- Cork Wine Bar & Market
Waterbury’s 1 Stowe Street address has seen its share of culinary action lately. First Blackback Pub and Fly Shop merged with Stebu Sushi. Now, upstairs from Blackback, the village has gained a wine mecca, Cork Wine Bar & Market.
The spacious Cork is the brainchild of Stowe native Danielle Nichols, 34, who spent the last 10 years as a traveling ski coach based on the West Coast. In many of the places she visited — Australia, New Zealand, Chile and Austria among them — Nichols cultivated her love for first-class wines, which eventually blossomed into the idea of a wine bar. “I loved the concept, and I thought it would be a cool thing to do in Vermont,” says Nichols, who moved back to her home turf this year.
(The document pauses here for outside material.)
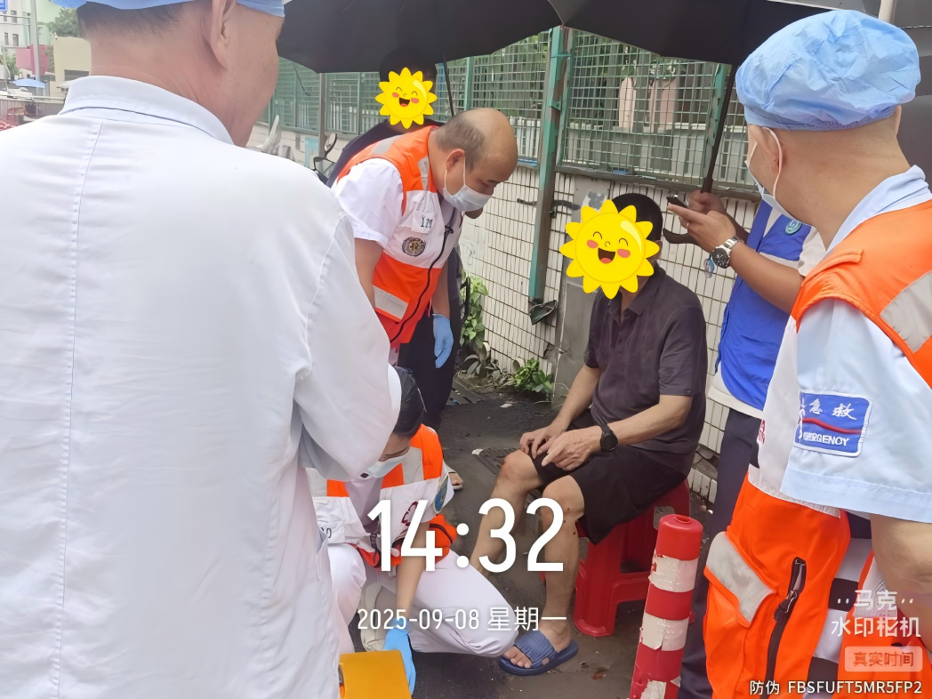 此时,另外两名正在附近巡查的网格员严家俊和陈景汶注意到这一情况,迅速赶来协助。为高效沟通,李启贤口述现场情况,严家俊则拨打120急救电话,清晰说明了老人的状况、事发具体位置及周边环境特征,确保救援人员能够快速准确到达。同时,陈景汶快速跑向周边商铺借来一张凳子,大家协力搀扶老人坐下休息。待老人稍事缓和后,他们通过老人随身携带的手机联系上其家属并告知情况。

The 1700-square-foot space used to house Third Planet Windpower, which moved up a floor. Nichols built on its open concept, adding galvanized steel fixtures, tables, a shiny wooden bar and salvaged shelves for a vibe her sister calls “industrial farmhouse.” She met with distributors to build an unusual portfolio of affordable wines from some of the world’s emerging wine regions. “It’s a cool, pretty eclectic group of wines. I specifically chose wines that are tasting far beyond their price points,” says Nichols.
On one side of the low wire wall that divides the shop, browsers can pick up a bottle of Chilean carménère, Spanish Ribera del Duero or Austrian Zweigelt; in the bar area, they can have the wines uncorked (for a fee) and poured. Or they can order from a rotating by-the-glass list and a range of small plates, including olives, local cheeses, panini pressed on Elmore Mountain Bread and soups from Montpelier’s Two Guys in Vermont.
Nichols is passionate about positioning Cork in the robust web of local food producers. She sells Vermont-made cheeses, crackers and other sundries in her market. Some of her staffers crafted those morsels, including Douglas Brown of Slopeside Syrup and Marisa Mauro of Ploughgate Creamery, who is taking time off from cheese making after a fire devastated her creamery a few weeks ago.
Everyone is pitching in on all sides, from retail to serving to education. “Wine can be a pretentious subject. Our goal is to make it less scary,” says Nichols.